Napupungaw: untranslatable.
Intransitive verb: without an object.
Present tense: it’s ongoing

like a train of thought
that never quite arrives, because the pink
is too pink, the red
too swirly when one remembers

(‘A Little Scene’)

Unsettled modes of habitation have recently emerged in Australian literature as the substantial ethical improvement upon the putative notions of belonging shaped by earlier national writing. The problem with creative visions that claim a ‘sacred’ relation between settler-colonial culture and the land – as the critic Julie Mullaney observes in her analysis of David Malouf – is that these invoke Indigenous Australian discourses of belonging to place, often while simultaneously erasing actual Aboriginal people from that textual landscape and ignoring the historical realities of settlement. The tradition of ‘white nativism’ or ‘white indigeneity’ traverses genre and medium in Australian cultural production – film, television, poetry, popular music, literary and popular fiction, and photography. Australian modernist photography reified the notion of the white native through figures such as the bronzed surfer and the athletic life-saver and these images still dominate the global branding of Australia. Born out of a quest for national identity that began in earnest in the 1930s, white nativist ‘home-grown’ tropes appear time and again in Australian literature. And though anti-colonial and postcolonial interventions have made some headway in contesting and destabilising this tradition, writers of all colours still come up against what Mark Davis describes as the ‘white logic of nation’.

Bobis’s writing materialises in the overlapping contexts of emerging unsettlement and the de-facto tradition of writers of colour reporting from the margins. Bobis begins her 2010 essay, ‘The Asian Conspiracy: Deploying Voice/Deploying Story’, with this directive:

Imagine Australia sharing ONE tongue. I do not mean language, but literally that little pink and perpetually moist animal in the mouth.

There’s that courageous attack. How would we hold this slippery thing, use it for what we want to say, pass it to our neighbour when it is time to listen? In the essay Bobis presents an account of her nineteen-year ‘problematic journey’ towards her place in Australian literature. This story, she stresses, is only one story among the narratives of storymaking of Australian writers from varied Asian backgrounds. In a discussion on Australian literature, these personal stories behind the publishing lines are as crucial as our literature works or the theoretical discourse about us. Our creative production is more than the ‘finished texts’, products to be unpacked or projects to be problematised. It is a story-in-progress. Just as in immigration, hardly any one of us can fly over the gate, straight into citizenship.

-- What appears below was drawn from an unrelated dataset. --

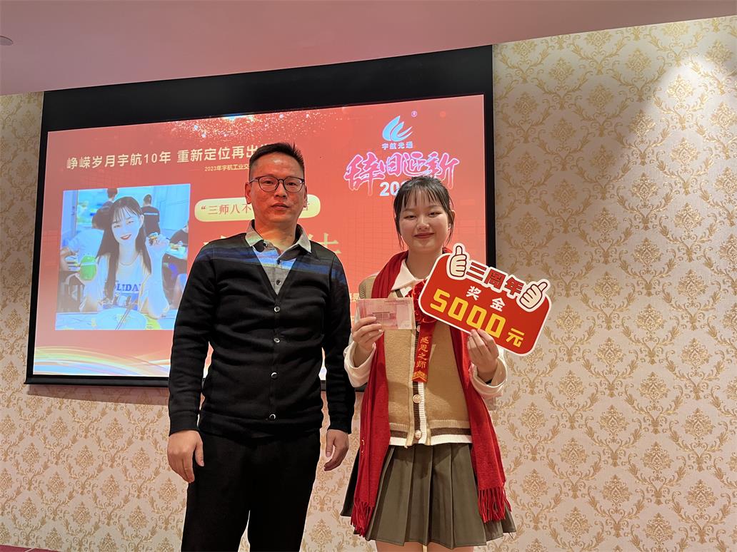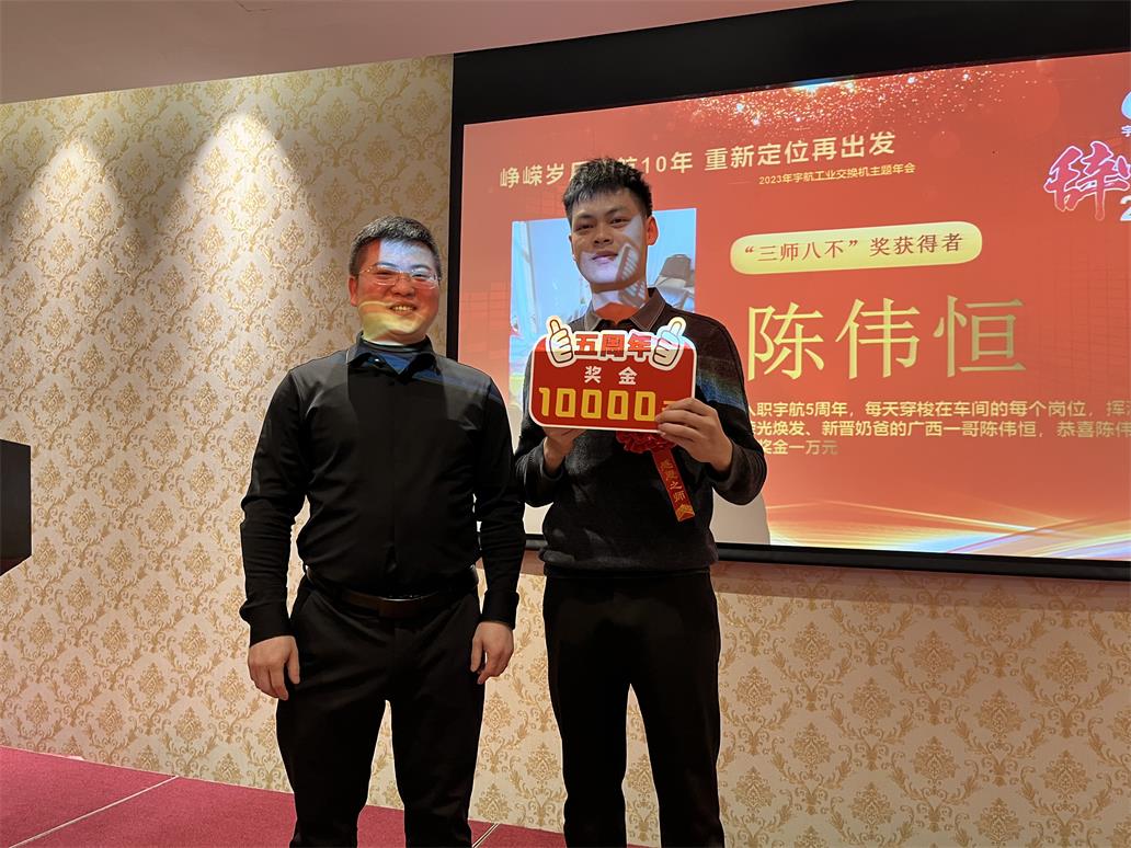 陳偉恒—入職宇航五周年獎,獎勵現(xiàn)金一萬元。每天穿梭在車間的每個崗位,揮灑汗水、容光煥發(fā),宇航能夠做到高效、并保質(zhì)保量的出貨,離不開他的辛勤付出。

How does one acquire ‘citizenship’ of a nation’s literature? Bobis arrived in Australia in 1991 from the Philippines. She came with ten years of university teaching experience and, already a published author, brought an aesthetic sensibility that had developed in part through formal literary training and in part through formative years of immersion in the hybrid dynamic of cultures and languages of the Philippines. Long after her arrival in Australia, Bobis continues to write in all three of her languages: the Bikol of her home in Albay (at the foot of the active volcano Mt Magayon); the Tagalog of Manila, the metropolitan centre; and English, the imperial language of the American colonisers. As Bobis wrote and researched her creative doctorate during her first years in Wollongong, she continued to chant, to sing, and to dance – code-switching between languages and methods of expression.